We will add a ball to the environment. In order to prevent too much sparsity in the reward signal, we will give positive reward if the worm reaches a certain buffer around the target.

That being said, this may still be too little reward, especially if the distance needed to travel is far away. In the swimmer task, a reward signal is available at each time step. To get closer to that density, we can have a gradation of reward emanating outwards from the target.

Some notes about the environment.

Actually the default objective is to reach the target, and the rewards given are already smoothed out, just as I thought was necessary above. See the reference here and pay careful attention to their get_reward() func: https://github.com/google-deepmind/dm_control/blob/main/dm_control/suite/swimmer.py

I think that we don't need an additional wrapper class for this, but it may still be helpful if we want to modify the smoothness of the reward signal, etc. I will just have all functions overriden for now and then can change at my leisure.

For better understanding of MuJoCo, skimming this notebook is pretty helpful: https://colab.research.google.com/github/google-deepmind/mujoco/blob/main/python/tutorial.ipynb#scrollTo=Xqo7pyX-n72M

In [5]:
_SWIM_SPEED = 0.1 # We can change later on

class Swim(swimmer.Swimmer):
    """
    This provides the task for us to use. Previously they had the reward configured on the swim speed. Here we want as distance to the target.
    
    We will need to grab that from the environment somehow.
    
    Since we're no longer using the speed as a function of reward, pry can take that out of the constructor here.
    """
    
    # def __init__(self, target_distance, desired_speed=_SWIM_SPEED, **kwargs):
    def __init__(self, desired_speed=_SWIM_SPEED, **kwargs):
        super().__init__(**kwargs)
        # self.target_distance = target_distance
        self._desired_speed = desired_speed
        
    def initialize_episode(self, physics):
        """
        This will set the physics. When it says by episode - not sure why it would be changing physics by episode since a standard RL process
        may take millions of episodes.
        
        Is this overloading the term? Perhaps so. Because if we initialize the target a certain distance away then it will reset every
        episode ...
        """
        
        physics.named.model.mat_rgba['target', 'a'] = 1
        physics.named.model.mat_rgba['target_default', 'a'] = 1
        physics.named.model.mat_rgba['target_highlight', 'a'] = 1
        
        physics.named.model.geom_pos['target', 'x'] = 0.5
        
        physics.model.opt.viscosity = 1
        
        # what's the difference between geom_pos and model.light_pos ?
        # answer - one contains the position of the agent, other the light source for rendering.
        
        
        # beginning copy of their code to change at will
        # Random joint angles:
        randomizers.randomize_limited_and_rotational_joints(physics, self.random)
        # Random target position.
        close_target = self.random.rand() < .2  # Probability of a close target.
        target_box = .3 if close_target else 2
        xpos, ypos = self.random.uniform(-target_box, target_box, size=2)
        physics.named.model.geom_pos['target', 'x'] = xpos
        physics.named.model.geom_pos['target', 'y'] = ypos
        physics.named.model.light_pos['target_light', 'x'] = xpos
        physics.named.model.light_pos['target_light', 'y'] = ypos

        super().initialize_episode(physics)

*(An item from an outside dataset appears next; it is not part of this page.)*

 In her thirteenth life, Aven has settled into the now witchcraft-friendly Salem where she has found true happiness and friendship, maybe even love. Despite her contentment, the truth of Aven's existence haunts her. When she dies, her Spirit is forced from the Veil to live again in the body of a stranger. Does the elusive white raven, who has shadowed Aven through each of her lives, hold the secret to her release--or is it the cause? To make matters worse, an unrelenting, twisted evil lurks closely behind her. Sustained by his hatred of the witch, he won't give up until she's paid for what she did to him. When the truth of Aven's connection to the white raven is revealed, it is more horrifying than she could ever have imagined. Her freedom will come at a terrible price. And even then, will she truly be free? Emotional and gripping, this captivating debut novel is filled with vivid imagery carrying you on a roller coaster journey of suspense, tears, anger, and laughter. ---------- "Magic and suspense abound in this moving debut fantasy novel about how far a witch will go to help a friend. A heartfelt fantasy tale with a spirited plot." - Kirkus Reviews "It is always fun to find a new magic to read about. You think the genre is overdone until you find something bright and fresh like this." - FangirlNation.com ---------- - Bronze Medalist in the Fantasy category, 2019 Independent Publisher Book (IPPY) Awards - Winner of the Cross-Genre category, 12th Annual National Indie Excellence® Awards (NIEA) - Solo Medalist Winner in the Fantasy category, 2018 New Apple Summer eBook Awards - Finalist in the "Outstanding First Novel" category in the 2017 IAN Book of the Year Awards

    def get_observation(self, physics):
        """
        Note that in the NeuroMatch provided example, the observation did not include distance to target.
        This is because they were only doing a swim task - add back in for us since we want the target in here.
        """
        
        """Returns an observation of joint angles, body velocities and target."""
        obs = collections.OrderedDict()
        obs['joints'] = physics.joints()
        obs['to_target'] = physics.nose_to_target()
        obs['body_velocities'] = physics.body_velocities()
        return obs
    
    def get_reward(self, physics):
        """
        Note that this is the default logic for reaching target with a smooth reward.
        
        If we'd like, here is where we can change the task to be the swim task or to be anything else.
        """

        """Returns a smooth reward."""
        target_size = physics.named.model.geom_size['target', 0]
        return rewards.tolerance(physics.nose_to_target_dist(),
                                 bounds=(0, target_size),
                                 margin=5*target_size,
                                 sigmoid='long_tail')

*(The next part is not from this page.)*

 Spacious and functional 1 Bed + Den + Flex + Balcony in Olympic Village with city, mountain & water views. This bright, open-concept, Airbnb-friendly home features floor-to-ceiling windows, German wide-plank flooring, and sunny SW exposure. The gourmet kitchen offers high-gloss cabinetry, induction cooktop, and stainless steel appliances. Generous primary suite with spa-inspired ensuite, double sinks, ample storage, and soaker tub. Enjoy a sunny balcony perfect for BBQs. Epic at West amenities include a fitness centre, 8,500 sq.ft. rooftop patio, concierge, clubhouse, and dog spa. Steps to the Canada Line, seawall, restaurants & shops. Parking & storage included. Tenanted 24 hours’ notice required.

# Defining and registering worms

After defining the task, we want to create different worms (or, swimmers) that will interact with it. Register them to the environment with some wrapper / context manager / etc at the top.

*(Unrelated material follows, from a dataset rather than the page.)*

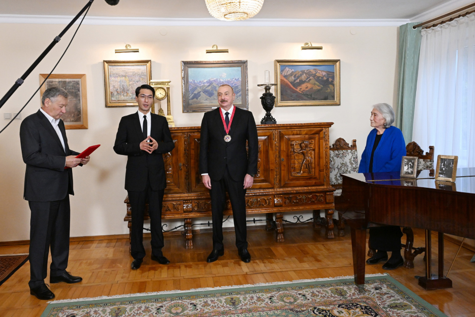 Dərin hörmət və qürur hissi ilə Sizə müasir dünyada və ümumi mədəni irsimizin qorunub saxlanmasında oynadığınız rola verilən yüksək qiymətin əlaməti olan “Çingiz Aytmatov” ordenini təqdim edirəm. Sağ olun.

I am not familiar with this abstraction so am not sure why this is the case, but only run the below cell once to register them with the environment.

In [6]:
@swimmer.SUITE.add()
def default_worm(
  n_links=6,
  desired_speed=_SWIM_SPEED,
  time_limit=swimmer._DEFAULT_TIME_LIMIT,
  random=None,
  environment_kwargs={},
):
  """Returns the Swim task for a n-link swimmer."""
  model_string, assets = swimmer.get_model_and_assets(n_links)
  physics = swimmer.Physics.from_xml_string(model_string, assets=assets)
  task = Swim(desired_speed=desired_speed, random=random)
  return control.Environment(
    physics,
    task,
    time_limit=time_limit,
    control_timestep=swimmer._CONTROL_TIMESTEP,
    **environment_kwargs,
  )

@swimmer.SUITE.add()
def worm_12_links(
  n_links=12,
  desired_speed=_SWIM_SPEED,
  time_limit=swimmer._DEFAULT_TIME_LIMIT,
  random=None,
  environment_kwargs={},
):
  """Returns the Swim task for a n-link swimmer."""
  model_string, assets = swimmer.get_model_and_assets(n_links)
  physics = swimmer.Physics.from_xml_string(model_string, assets=assets)
  task = Swim(desired_speed=desired_speed, random=random)
  return control.Environment(
    physics,
    task,
    time_limit=time_limit,
    control_timestep=swimmer._CONTROL_TIMESTEP,
    **environment_kwargs,
  )


# Add your worms to this list for looping over and rendering them all at once
worms = ['default_worm', 'worm_12_links']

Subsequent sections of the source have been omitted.